The idea of constructing generalizations from unsegmented speech also appears to be in conflict with studies examining the learning of syllable class dependencies (e.g., Endress & Bonatti, 2007; Gómez, 2002; Gómez & Lakusta, 2004; Gómez & Maye, 2005; Marcus et al., 1999; Pena et al., 2002). In such studies, learners are presented with a similar challenge of detecting dependencies across varying intervening material. For example, Gómez (2002) found that adults and infants can learn dependencies between artificial words (e.g., pel and jic) across different intervening words (e.g., pel-wadim-jic, pel-kicey-jic). Work by Pena et al. (2002) and Endress and Bonatti (2007) has addressed the important question of whether such dependencies might be learnable from continuous speech. They found that the learning of generalizations can only take place if the speech signal contains subliminal acoustic cues (i.e., short silences) to word boundaries. These findings cast doubt on whether generalizations can be learned directly from speech, without the mediation of word forms, and without acoustic cues that signal word boundaries to the learner.

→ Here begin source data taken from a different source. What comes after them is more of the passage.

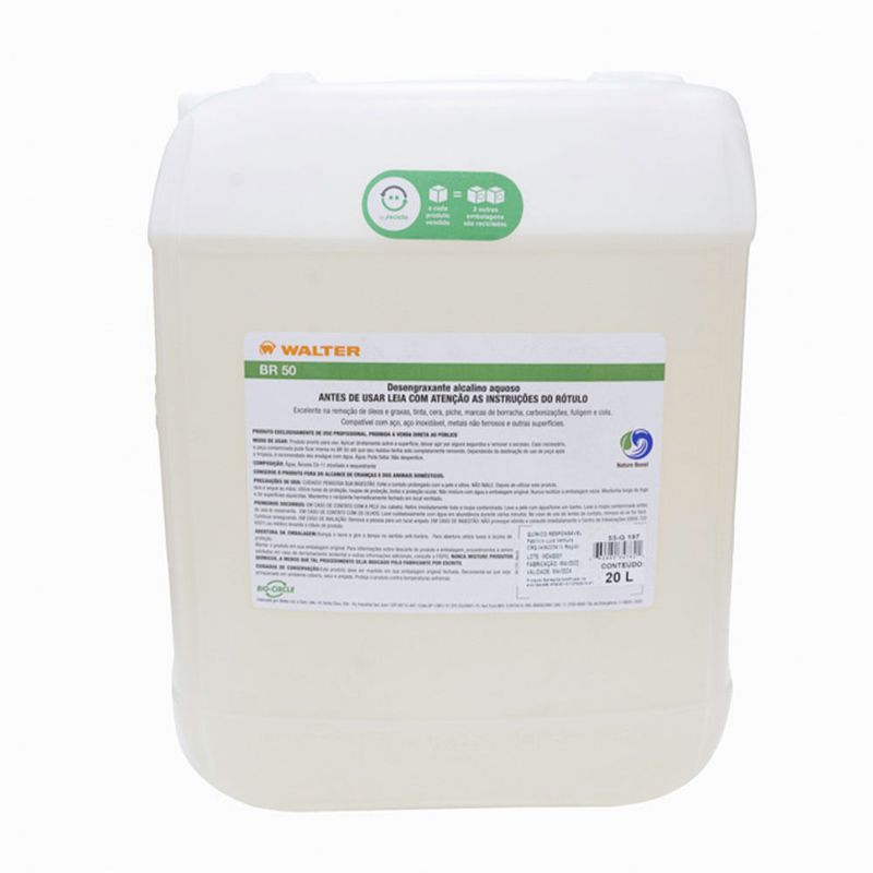 O Agente de Limpeza BR-50 Walter 20 Litros é um poderoso desengraxante industrial, biodegradável, não inflamável, não corrosivo, livre de solventes, fosfato e butil. Ideal e amplamente utilizado na remoção de óleos, graxas e outros contaminantes mais resistentes, é equipado com a tecnologia de microemulsão e apresenta excelente resultado quando utilizado em temperatura ambiente.
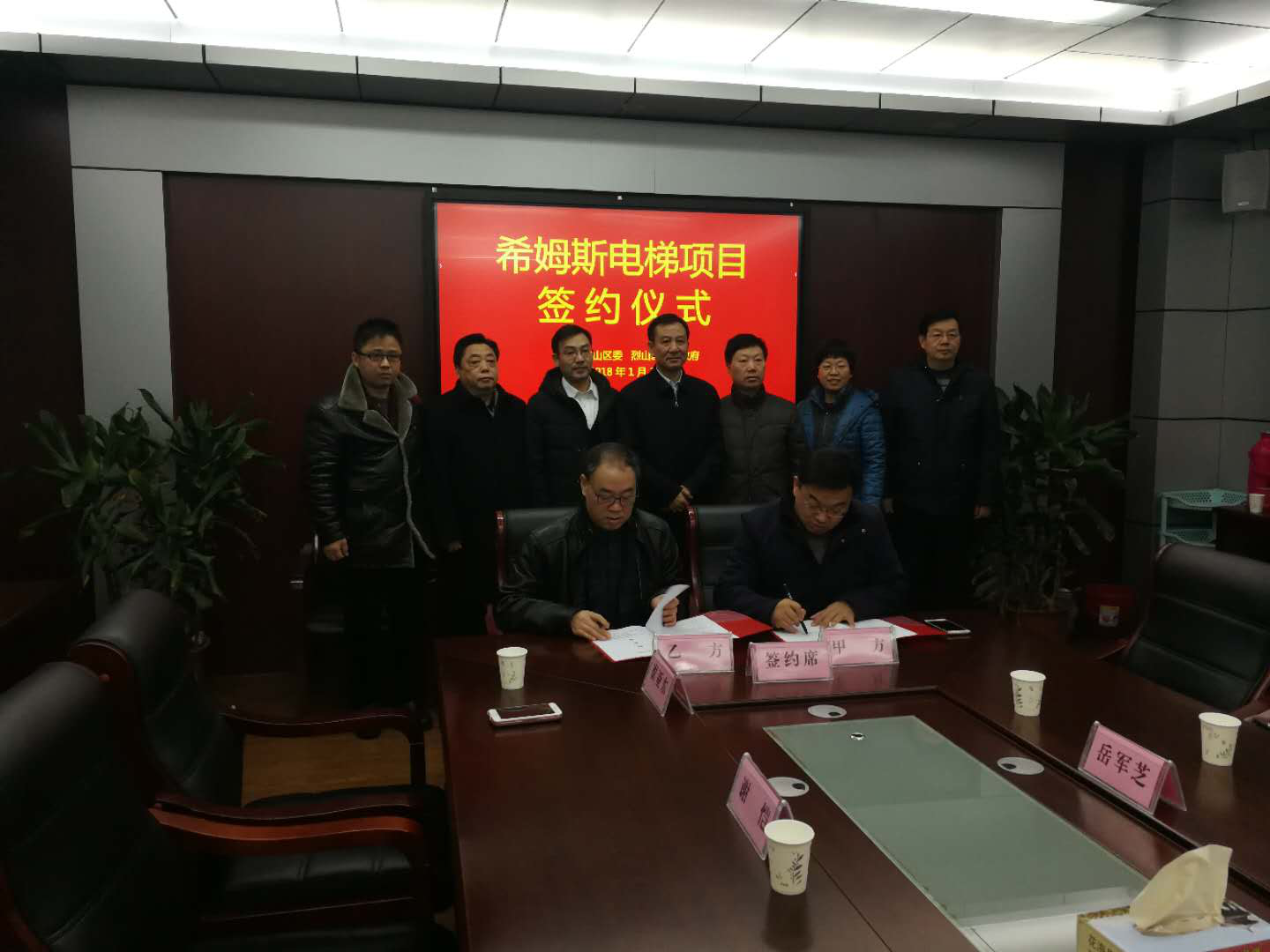2018年1月30號(hào)上午,希姆斯電梯(淮北)有限公司與希姆斯電梯(中國(guó))有限公司在淮北市建投集團(tuán)簽定了《希姆斯電梯項(xiàng)目簽約協(xié)議》?;幢笔辛疑絽^(qū)區(qū)委書(shū)記張力、區(qū)人大主任陳琳、區(qū)長(zhǎng)岳軍芝、區(qū)委副書(shū)記馬建國(guó)以及副區(qū)長(zhǎng)鄧頂宇出席了此次簽約儀式,希姆斯電梯(中國(guó))有限公司CEO龐文岳、市建投集團(tuán)總經(jīng)理助理周開(kāi)宇、希姆斯電梯(淮北)有限公司CEO崔亞?wèn)|、總經(jīng)理謝愷以及負(fù)責(zé)人劉波共同見(jiàn)證了這一歷史性的時(shí)刻。
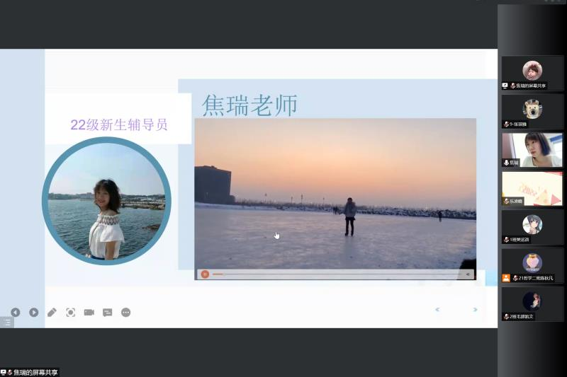 会议伊始,焦瑞老师通过一段视频进行了简单的自我介绍,焦老师强调自己做事的宗旨:在什么阶段、在什么岗位,都要做好自己本职的事。焦老师表示她正是因为对学生的热爱才坚定地选择了辅导员这个职业,她也希望通过对自己求学经历,用自己的所学所感来帮助各位新生在未来的四年里,少走弯路,共同成长。希望各位同学在四年后回望自己的大学生活时没有遗憾。接下来各位学生班主任和2022级新生依次进行自我介绍。
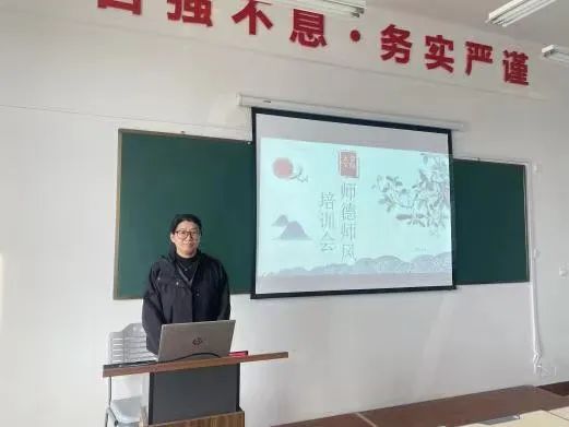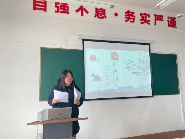 接下来三位教师代表谈及师德师风建设的感想。李菲菲老师在对师德的解释中,讲到有一句;师爱为魂。“师爱”是教师对学生无私的爱,它是师德的核心,即“师魂”。以案例来说明我对“师爱为魂”的践行。在教学中遇到过一位学生,家境贫寒,其父亲突发疾病。在发现他的求助后,果断捐助并转发以解决他眼前的困难。后来听说学生家长恢复的不错,而本人也因为尽了绵薄之力而感动快乐。
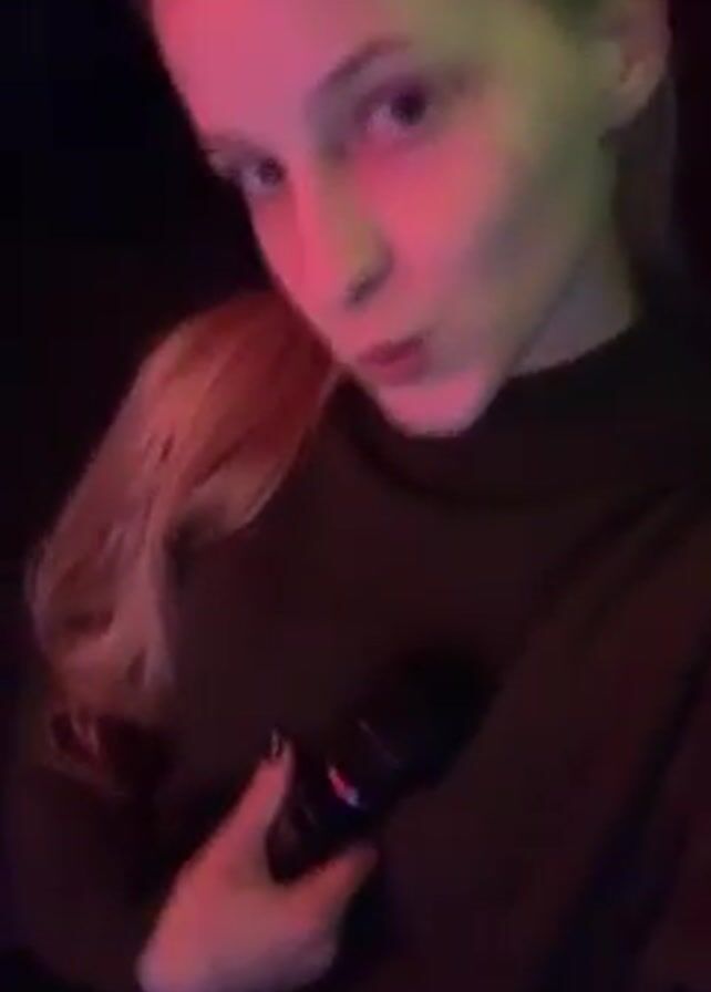 A young woman with fair skin, light blonde hair, and wearing a dark green turtleneck sweater, holds a black microphone. She gives a small pout, then winks at the camera. The scene is darkly lit with colored lights that alternate between pink and green.
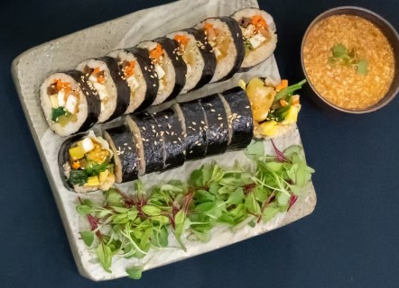 밥이 밖으로 나온 유니크한 누드김밥 + 고소한 두유 소스 - 6. 광주/연천 – 가지구이 & 백태 후무스 김밥
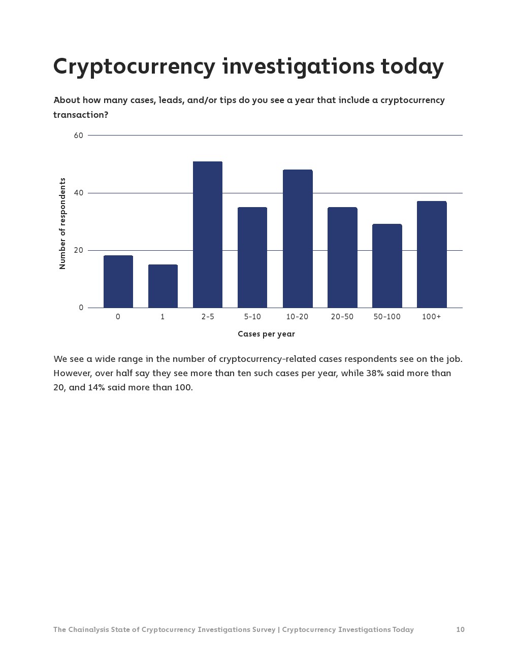 公共部门雇员需要更多资源。74%的受访者表示,他们机构的员工目前不具备调查与加密货币相关的犯罪的能力。
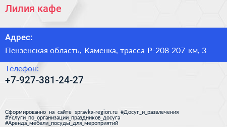 Лилия, кафе по адресу Пензенская область, Каменка, трасса Р-208 207 км, 3 в дальнейшем Организация, размещена в следующих категориях:
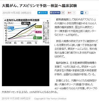 「大腸がん、アスピリンで予防…検証へ臨床試験」
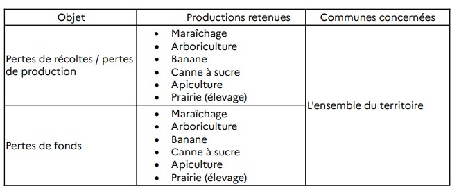 Par arrêté n° R02-2025-07-25-00003 publié le 25 juillet 2025, le préfet de la Martinique a officiellement reconnu le sinistre lié aux fortes pluies survenues entre janvier et février 2025, ayant impacté les productions suivantes :
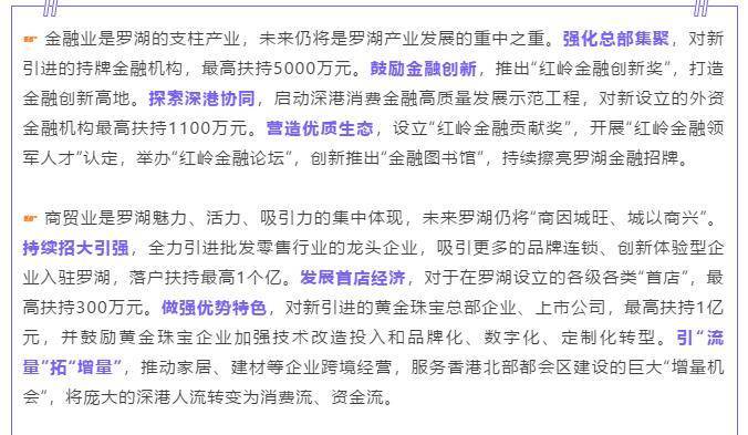 一是企业租房、政府扶持。罗湖通过产业发展资金政策为总部企业、科技创新企业、金融机构等按一定比例提供扶持,新引进的金融机构最高可达3000万元,其他企业最高可达1500万元。
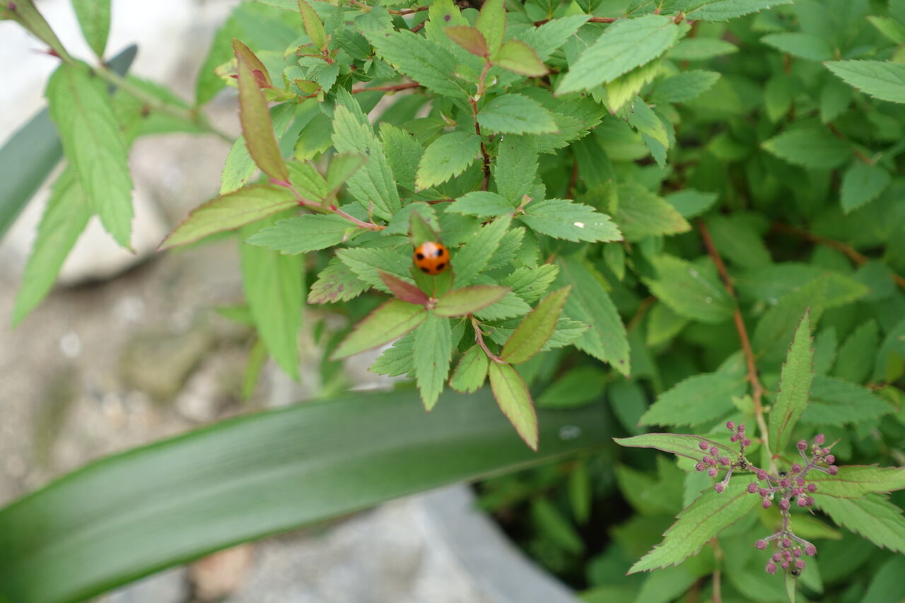 2022年06月22日 テントウムシ おう、テントウムシが居る!! 和尚は、テントウムシは害虫じゃと言うとる!! ほったらがしじゃが!! 殺虫座右を撒くでも無し、取り除くことも無い!! 狸の儂からすると、可愛い虫じゃが!! まあ、好きにさせておこう!!
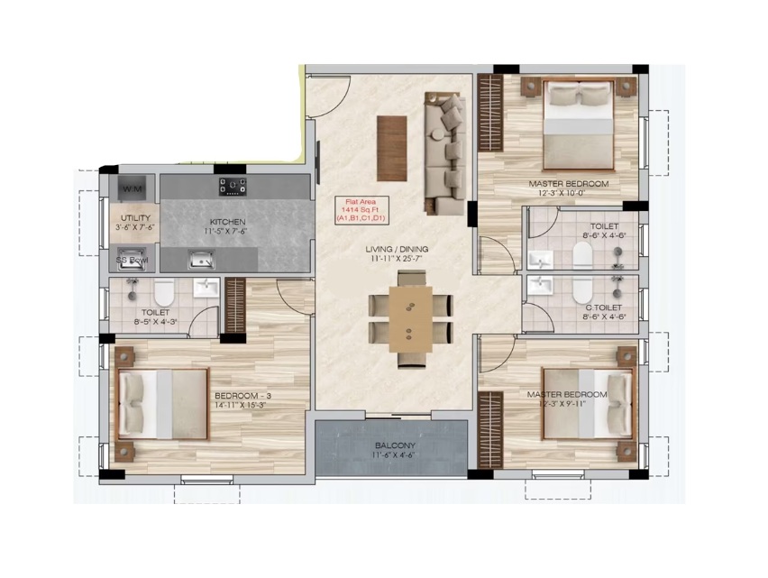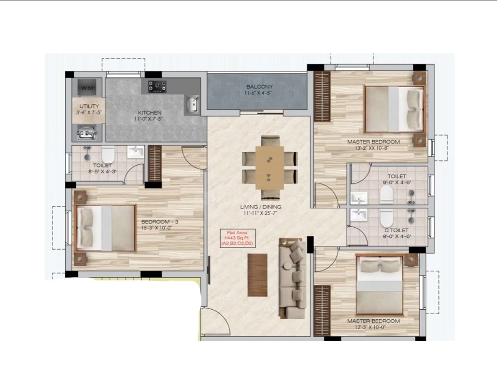 Unit sizes of the Sai Ganesh ranges from 1414 - 1443 Sq.Ft .
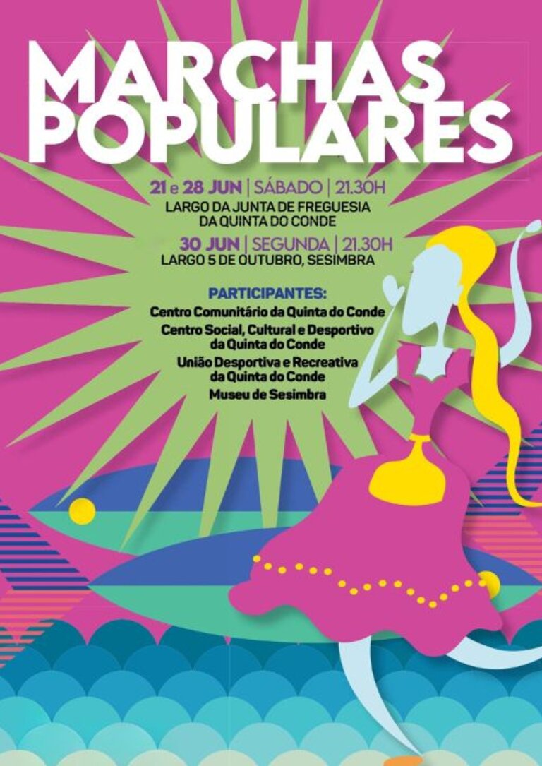 As Marchas Populares, um dos pontos altos das comemorações dos Santos Populares, saem à rua nos dias 21 e 28, sábados, no Largo da Junta de Freguesia da Quinta do Conde, e no dia 30, segundas, no Largo 5 de Outubro, na vila de Sesimbra, dinamizadas pelo Centro Comunitário da Quinta do Conde, Centro Social, Cultural e Desportivo da Quinta do Conde, União Desportiva Recreativa da Quinta do Conde e Museu de Sesimbra.

The current study provides a direct test for the possibility that learners induce phonotactics from continuous speech. In two experiments with artificial languages, we investigate whether phonotactic learning can take place in the absence of recurring word forms in the speech stream.

1.1 The current study

Throughout this study, we will use the term ‘word’ to refer to CVCVCV sequences, and ‘frame’ to refer to C_C_C_ structures (similar to lexical roots in Semitic languages, e.g., Bonatti et al., 2005; McCarthy, 1988). Any change in vowel thus represents a new word, but not a new frame.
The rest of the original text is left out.